David Lloyd George wanted "homes fit for heroes" after the First World War, an admirable objective neatly expressed in what would much later be called a sound bite. But a later 20th-century Prime Minister, also with a constituency in Wales, showed that there is more to politics than sound bites. There is also pedantry and obscurantism.
"What I have done is to assemble a team of experts to give me a preliminary report by tomorrow on the factors that need to be taken into account," said Jim Callaghan, then Home Secretary, rather eerily presaging Jim Hacker in Yes, Minister. Callaghan was speaking in the 1960s after a gas explosion in a council block had killed four people.
By then, the Utopian ideal of decent state housing for the working classes, as championed by Lloyd George, had started to sour. The story was well explained by Michael Collins, himself a child of a big south London council estate, in The Great Estate: the Rise and Fall of the Council House. By the time Callaghan's successor as Prime Minister, Margaret Thatcher, instituted her right-to-buy policy in 1980, the great vision was in its death throes, yet Collins asserted that the fatal dose of strychnine had actually been administered under Callaghan's Labour government three years earlier, when local authorities were told to prioritise the homeless as soon as council housing became available, overlooking local people already on waiting lists. This policy became open to abuse, sub-letting became the norm, and itinerant tenants, with no sense of belonging, further destabilised the estates that had been such a source of pride to the early settlers, as Collins described them.
Tragically, today's Coalition Government seems similarly unable to grasp the fact that nothing bolsters respect for one's surroundings so much as a feeling of permanent attachment to them. Council tenants are being made to reapply every two years to stay in their homes, legislation described as "iniquitous" by one of Collins's interviewees, the Liverpudlian screenwriter Jimmy McGovern. This fascinating documentary made it dispiritingly clear that the common man and woman, whether heroic or not, never gets to spend too long in Utopia. Great social initiatives are crafted by politicians – in this instance Lord Salisbury, who in 1883 invited a Royal Commission to look into the housing of the working classes – and later destroyed by them.
Still, Collins found plenty of witnesses to the golden era of council housing, and while some of their reminiscences were decidedly rose-tinted, it was easy enough to understand the reflection of another Liverpudlian, that he and his contemporaries, as children, benefited hugely from knowing, and being known by, everyone on their estate. The anonymity these days of gangs of children on street corners, he suggested, contributes mightily to anti-social behaviour. That, and the declining influence of the church, I might add. In the 1960s, my own mother ran a shop on Liverpool's famously tough Scotland Road, and recalls now that the local scallywags would laugh off any threat to speak to their parents, or to call the police, yet blanched at the mere mention of the priest.
There didn't seem any way of taming the disturbed young subject of A Home for Maisie. Taken away from her natural parents at the age of four, by social services concerned for her welfare, seven-year-old Maisie had lived with 10 families before ending up as a prospective adoptee with Sue and Jim, a saintly-seeming pair unable to have children of their own who had already adopted eight others, focusing on older kids from troubled backgrounds.
There were times when this documentary felt a little like an extended advertisement for adoption, not that many of us would be good or brave enough to take on Maisie, whose fierce, violent tantrums were mainly directed at Sue, for the sad, simple reason that it had always been mother figures who, by Maisie's perception, had let her down.

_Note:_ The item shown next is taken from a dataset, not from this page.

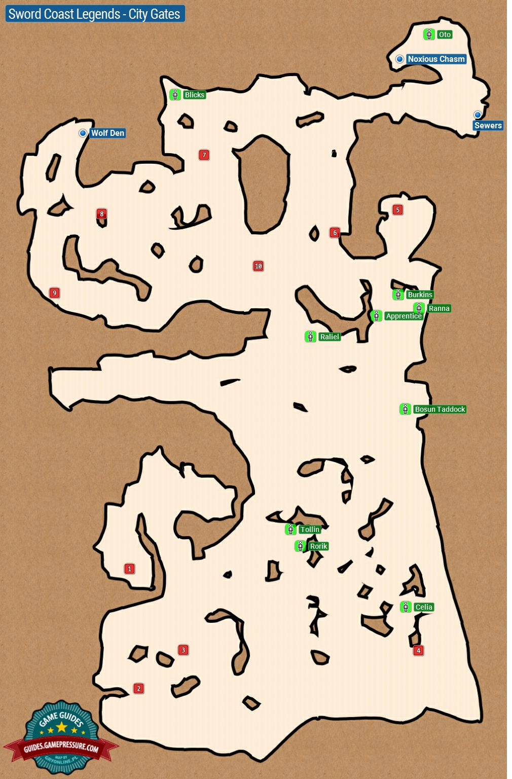 City Gates is the third main location which contains few activities available for the players. The location itself is just an introduction to the main city of Luskan. In this location you will find three dungeons. These dungeons are Sewers, the main dungeon where you will complete the Making an Entrance quest, Wolf Den related to the Howl at the Moon (available from Ranna) and Making an Entrance quests and Noxious Chasm in which you can complete the Fine Specimen quest (available in the Market District from Relona).

Clearly, the child needed some kind of psychotherapy, and got it at Family Futures, a remarkable organisation used to dealing with children so ill-treated that some of them had known sufficient neglect to eat their own nappies, or been abused to the point of being force-fed their own vomit. We never found out what particular horrors Maisie had been subjected to, but slowly she began to show the benefits of the therapy, just as the prospect arose of its funding being withdrawn. Without it, not even Sue and Jim were prepared to adopt her. She faced a future in "a secure therapeutic placement" costing almost £300,000 annually, for the want of between £15,000 and £50,000 a year to fund the Family Futures treatment. Mercifully, sanity prevailed.
A whole different perspective was cast on psychotherapy in Bored to Death, which, of all the fantastic new shows promised us by the fledgling Sky Atlantic, is the one that most lives up to its excitable billing. Every episode is like a perfect little Woody Allen movie, with Jason Schwartzman almost good enough as fretful writer and Allen-alike Jonathan Ames to stop his scenes with the glorious Ted Danson, playing his boss George, from being stolen from under his nose. Almost.